Shared Memory

  • Core Problem

    In multi-instance scenarios, multiple models on the same NPU device share the same weights (as shown below). Shared memory can reduce memory consumption.

  • Theoretical Basis

    Different tensors constructed with the same NPU physical address and offset can access the same memory region simultaneously.

  • Design Approach

    Use an inter-process shared memory manager to manage memory; different processes use memory allocated by the manager for sharing.

  • Implementation Flow

    1. Process 0 calculates the required memory size offset and allocates memory through the inter-process shared NPU Allocator.
    2. The NPU Allocator returns the allocated physical memory address data_ptr to Process 0.
    3. Process 0 transmits the actual physical memory address data_ptr to Process 1 via inter-process communication.
    4. Process 0 triggers memory copy, copying CPU memory to the actual NPU physical address.
    5. Process 0 and Process 1 construct tensors using the physical memory address data_ptr and offset.

API Reference

from mindiesd.share_memory import init_share_memory, share_memory

init_share_memory

Initialize the inter-process shared memory manager.

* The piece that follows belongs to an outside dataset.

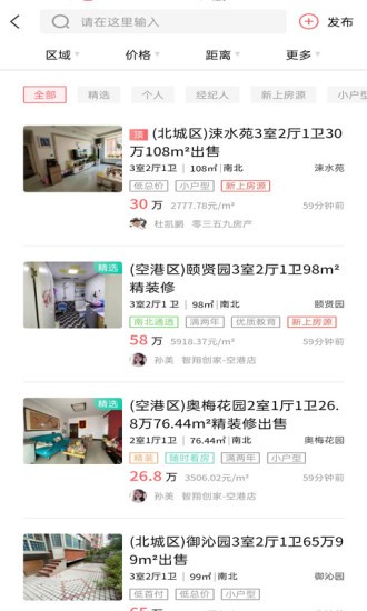 2、二手房源自由筛选,位置、价格和户型可以作为筛选条件。
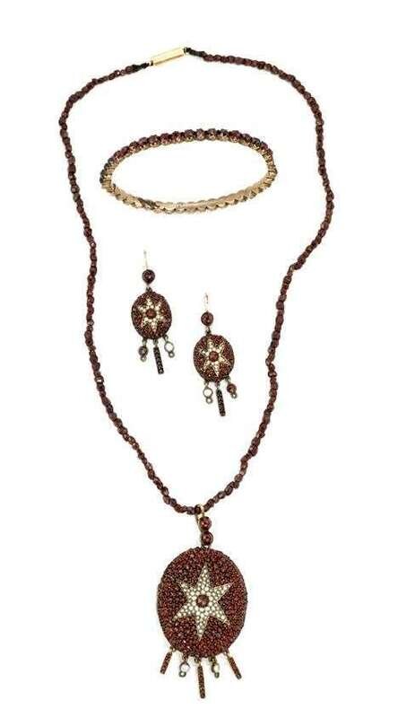 Victorian jewelry set with rose cut garnets and seed pearl accent, earrings, necklace and earrings.

init_share_memory(instance_world_size, instance_id, master_addr="127.0.0.1", base_port=5555)
Parameter Type Required Default Description
instance_world_size int Yes - Total number of instances
instance_id int Yes - Current instance ID (0 is the primary instance)
master_addr str No "127.0.0.1" ZMQ communication master address
base_port int No 5555 ZMQ base port

share_memory

Move a model to shared NPU memory.

share_memory(module, device=None, dtype=None)
Parameter Type Required Default Description
module torch.nn.Module Yes - Model instance to be moved
device str / torch.device No None Target device, e.g. "npu:0"
dtype torch.dtype No None Target data type

Usage Example

Primary instance (loads weights and shares):

from mindiesd.share_memory import init_share_memory, share_memory

init_share_memory(instance_world_size=2, instance_id=0)
model = ModelClass().to("npu")
model = share_memory(model, device="npu:0")

Secondary instance (receives shared memory):

from mindiesd.share_memory import init_share_memory, share_memory

init_share_memory(instance_world_size=2, instance_id=1)
model = ModelClass()  # No weight loading
model = share_memory(model, device="npu:0")  # Build tensors via shared handles

The primary instance broadcasts the NPU physical address of weights to secondary instances via ZMQ. Secondary instances construct tensors using the same physical address, enabling multiple processes to share the same memory region.